(DATA PROVIDED begins)

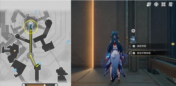 1、首先玩家打开地图前往幽囚狱-1层,乘坐电梯前往中转狱层。
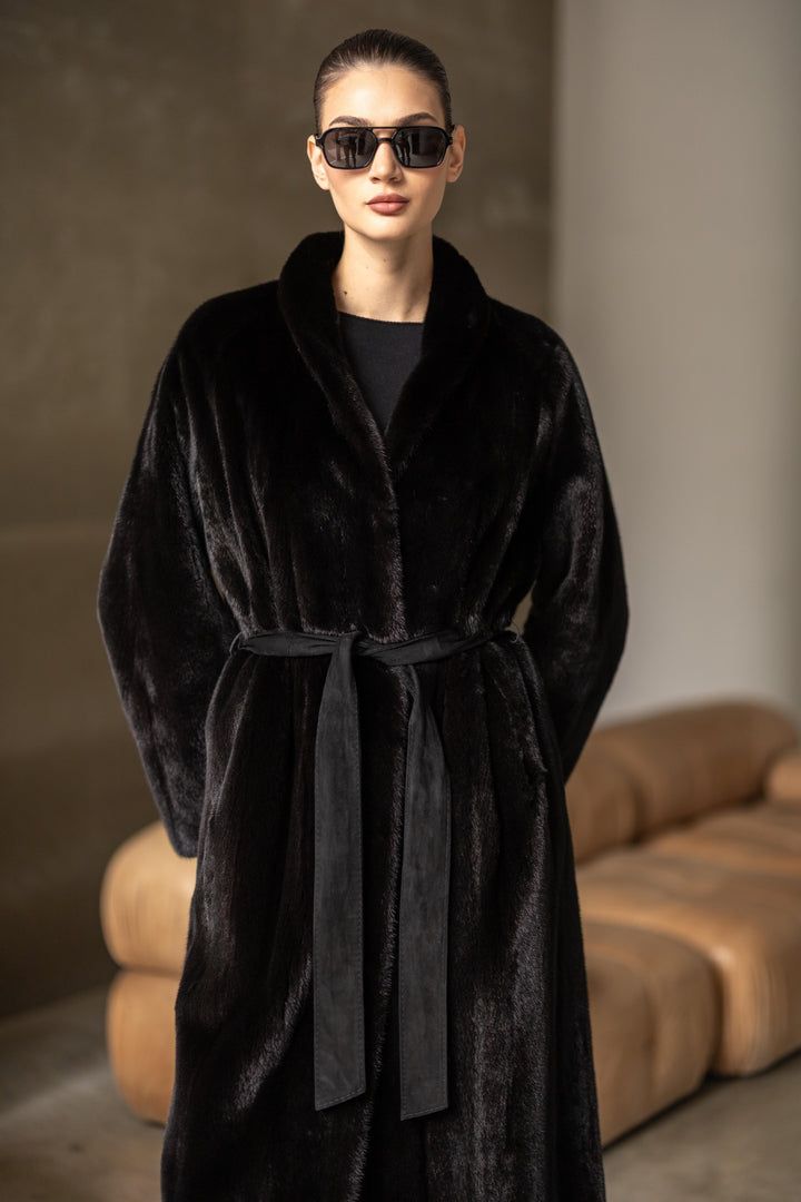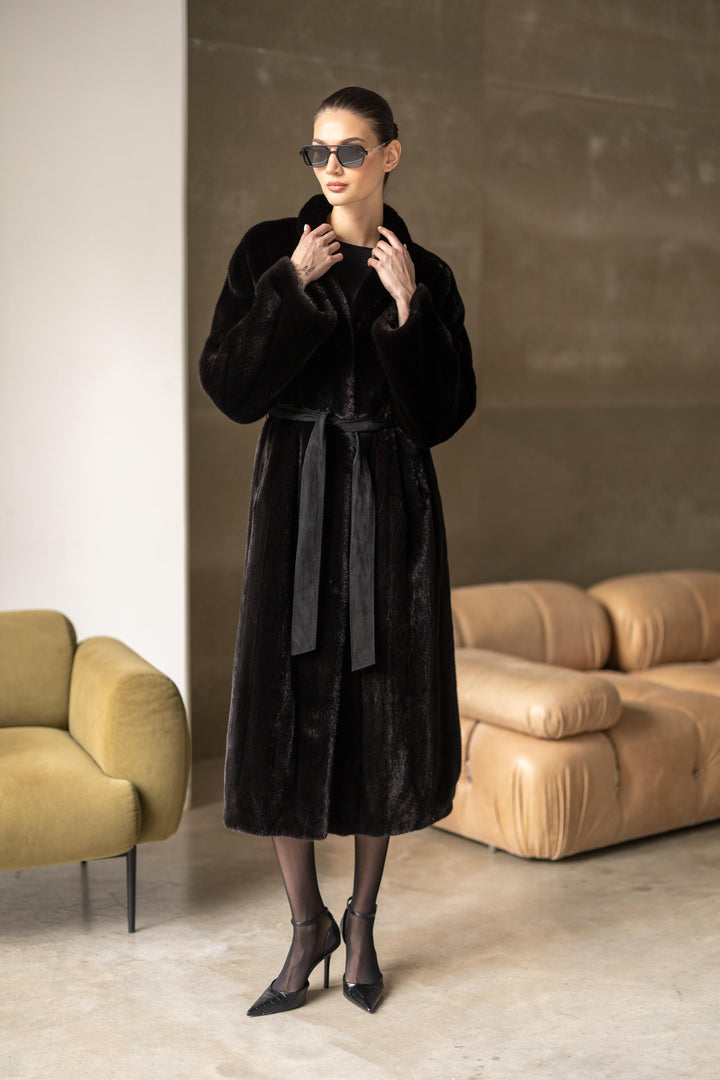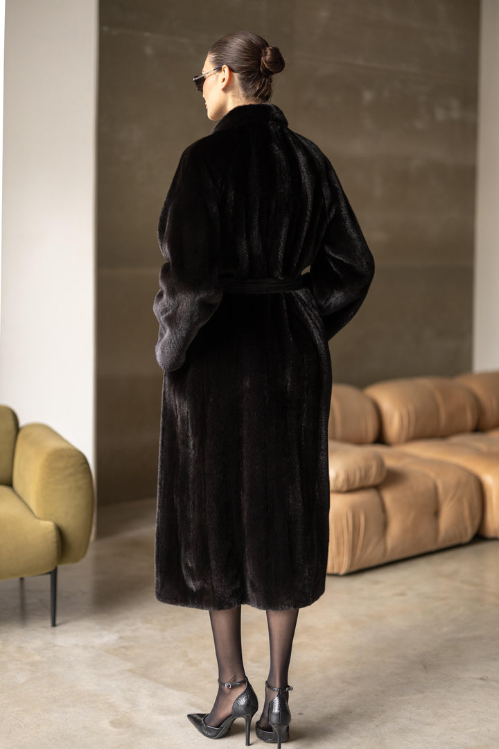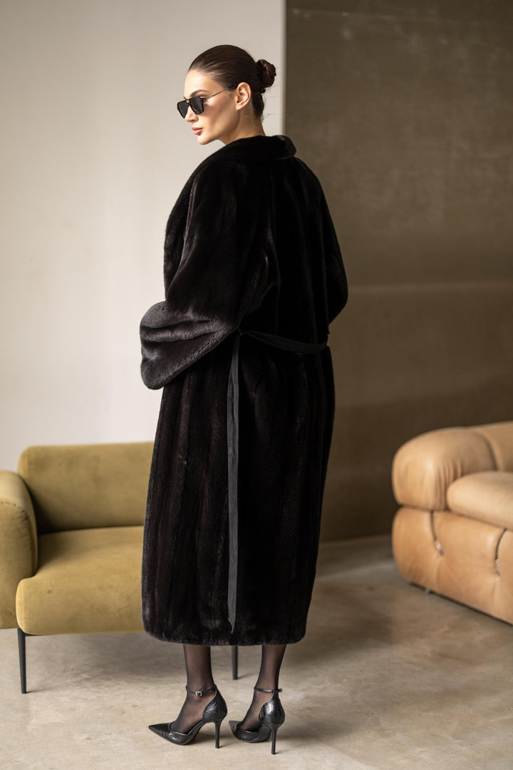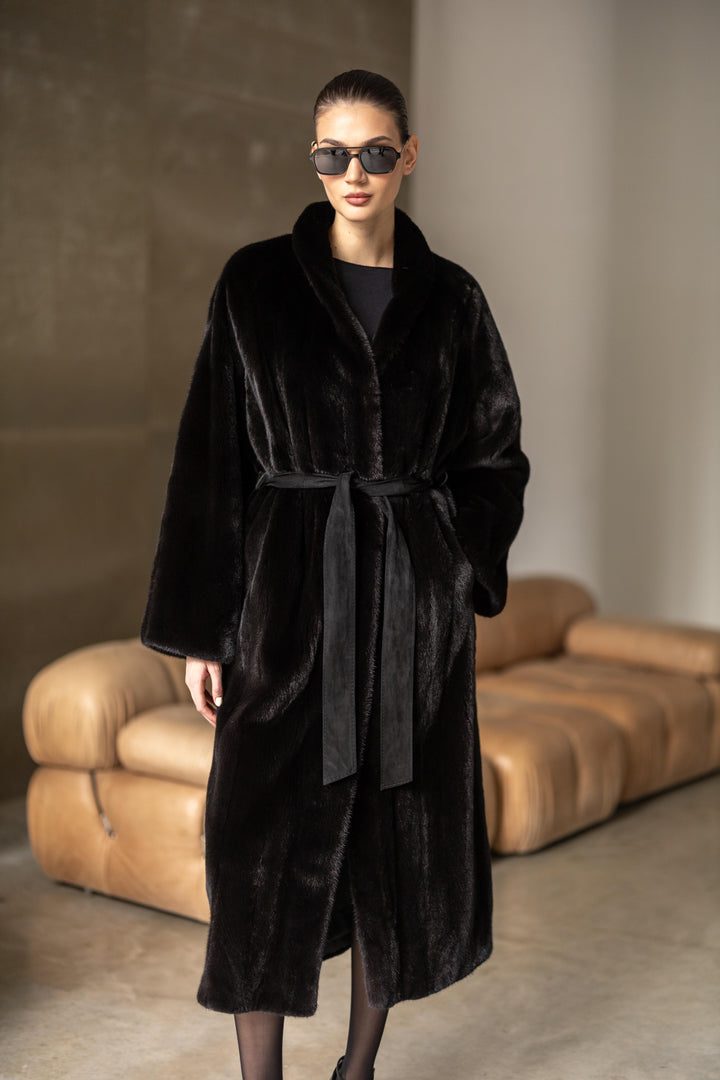This 130cm long mink fur coat features a classic silhouette enhanced by a sleek self-tie belt, allowing you to adjust the fit to your preference. Its luxurious black hue effortlessly elevates any outfit, making it the perfect choice for elegant evenings or special occasions.
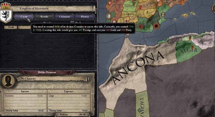 まあ、2州程度削られたところで、アルジェ内陸はド貧乏、別に大して痛くはない。 モーリタニア王号を名乗るのに十分な州数も確保しているし、 元から持っているアンコーナ公号に加え、トレムセン公号を創設して条件を達成。

(DATA PROVIDED ends)

[YOUR OBJECTIVE] The expected output is the full material above, unaltered, with pictures removed.

[SOLUTION FOR THIS EXERCISE]
 1、首先玩家打开地图前往幽囚狱-1层,乘坐电梯前往中转狱层。
This 130cm long mink fur coat features a classic silhouette enhanced by a sleek self-tie belt, allowing you to adjust the fit to your preference. Its luxurious black hue effortlessly elevates any outfit, making it the perfect choice for elegant evenings or special occasions.
 まあ、2州程度削られたところで、アルジェ内陸はド貧乏、別に大して痛くはない。 モーリタニア王号を名乗るのに十分な州数も確保しているし、 元から持っているアンコーナ公号に加え、トレムセン公号を創設して条件を達成。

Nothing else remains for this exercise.